Филиппа Грегори

Хозяйка Дома Риверсов

Посвящается Виктории



Замок Боревуар близ Арраса, Франция, лето — зима 1430 года


Она — вот уж странный военный трофей! — аккуратненько, точно послушный ребенок, сидела на маленькой скамеечке в углу темницы. У ее ног, прямо на соломе — оловянный поднос с остатками обеда. Мой дядя прислал ей со своего стола весьма неплохую еду: сочные ломти мяса и даже белый хлеб; только ела она совсем мало. Я просто глаз от нее не могла отвести; я рассмотрела ее с головы до ног — ее маленькие, как у мальчика, сапожки для верховой езды, ее мужскую, лихо заломленную шапку поверх коротко остриженных каштановых волос; я изучала ее, словно экзотическое животное вроде детеныша льва, которого прислали нам из далекой Эфиопии, желая развлечь знатное семейство Люксембургов и пополнить нашу коллекцию. Одна из фрейлин у меня за спиной перекрестилась и прошептала:

— Так она ведьма?

Этого я не знала. Да и кто мог бы утверждать наверняка?
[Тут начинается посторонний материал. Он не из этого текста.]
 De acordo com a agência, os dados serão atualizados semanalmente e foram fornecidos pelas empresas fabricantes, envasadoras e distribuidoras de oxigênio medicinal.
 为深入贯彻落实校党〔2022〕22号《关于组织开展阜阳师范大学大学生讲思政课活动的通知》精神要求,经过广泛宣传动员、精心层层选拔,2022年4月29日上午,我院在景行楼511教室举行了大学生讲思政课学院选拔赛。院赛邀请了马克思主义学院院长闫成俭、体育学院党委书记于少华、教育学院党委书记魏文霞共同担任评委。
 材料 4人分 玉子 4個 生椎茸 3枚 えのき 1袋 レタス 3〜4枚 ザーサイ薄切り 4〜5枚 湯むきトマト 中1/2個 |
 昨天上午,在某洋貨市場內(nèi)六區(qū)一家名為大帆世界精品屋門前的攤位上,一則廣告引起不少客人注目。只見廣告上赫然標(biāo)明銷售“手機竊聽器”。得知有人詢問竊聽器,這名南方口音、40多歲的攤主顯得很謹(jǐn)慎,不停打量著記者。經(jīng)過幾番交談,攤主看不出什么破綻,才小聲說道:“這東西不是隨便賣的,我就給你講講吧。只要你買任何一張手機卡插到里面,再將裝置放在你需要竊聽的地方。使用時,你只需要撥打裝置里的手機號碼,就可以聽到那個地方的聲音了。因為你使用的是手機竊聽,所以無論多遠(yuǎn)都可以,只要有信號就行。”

— Глупости какие! — немедленно заявила моя двоюродная бабушка. — Кто приказал заковать бедную девочку в цепи? Немедленно откройте дверь.
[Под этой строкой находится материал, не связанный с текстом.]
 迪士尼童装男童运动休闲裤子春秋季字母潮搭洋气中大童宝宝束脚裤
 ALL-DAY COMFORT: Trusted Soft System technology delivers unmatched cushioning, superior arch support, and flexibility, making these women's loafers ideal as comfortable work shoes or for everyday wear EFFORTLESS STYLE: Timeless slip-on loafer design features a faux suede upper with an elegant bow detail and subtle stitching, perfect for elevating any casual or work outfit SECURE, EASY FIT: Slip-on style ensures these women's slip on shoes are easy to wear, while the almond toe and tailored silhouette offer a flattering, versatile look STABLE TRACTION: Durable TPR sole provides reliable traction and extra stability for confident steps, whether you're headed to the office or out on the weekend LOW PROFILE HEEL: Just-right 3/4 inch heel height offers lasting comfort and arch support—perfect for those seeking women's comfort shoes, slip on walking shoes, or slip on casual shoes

Слуги смущенно забормотали что-то в свое оправдание, пытаясь переложить ответственность друг на друга. Затем принесли огромный ключ, вставили в замок, и тяжелая дверь темницы отворилась. Моя бабушка вошла туда, и эта девушка — ей, наверное, было лет семнадцать-восемнадцать, всего на два-три года больше, чем мне, — подняла голову и взглянула из-под неровно подстриженной челки. Бабушка стояла молча, и пленница медленно поднялась, стянула с головы шапчонку и довольно неловко склонилась в реверансе.

— Я леди Жеанна, демуазель [Титул старшей и главной женщины в семье великих герцогов Люксембургов — династии императоров Священной Римской империи в 1308—1437 гг., вплоть до 1437 г. занимавшей также чешский и венгерский престолы.] де Люксембург, — представилась бабушка. — Это замок милорда Жана Люксембургского. Это его жена, хозяйка замка, Жеанна де Бетюн, — указала она на мою тетю. — А вот и моя внучатная племянница Жакетта.

Девушка спокойно и внимательно посмотрела на каждую из нас и каждой поклонилась. Когда я встретилась с ней глазами, меня словно толкнули и кто-то, как будто даже она сама, слегка коснулся пальцем ямки у меня на затылке; я действительно почувствовала это физически и, как мне показалось, услышала слова некоего магического языка. Конечно, мне тут же захотелось убедиться, действительно ли у нее за спиной стоят два ангела, как она утверждала. Уж не их ли присутствие я столь отчетливо ощутила?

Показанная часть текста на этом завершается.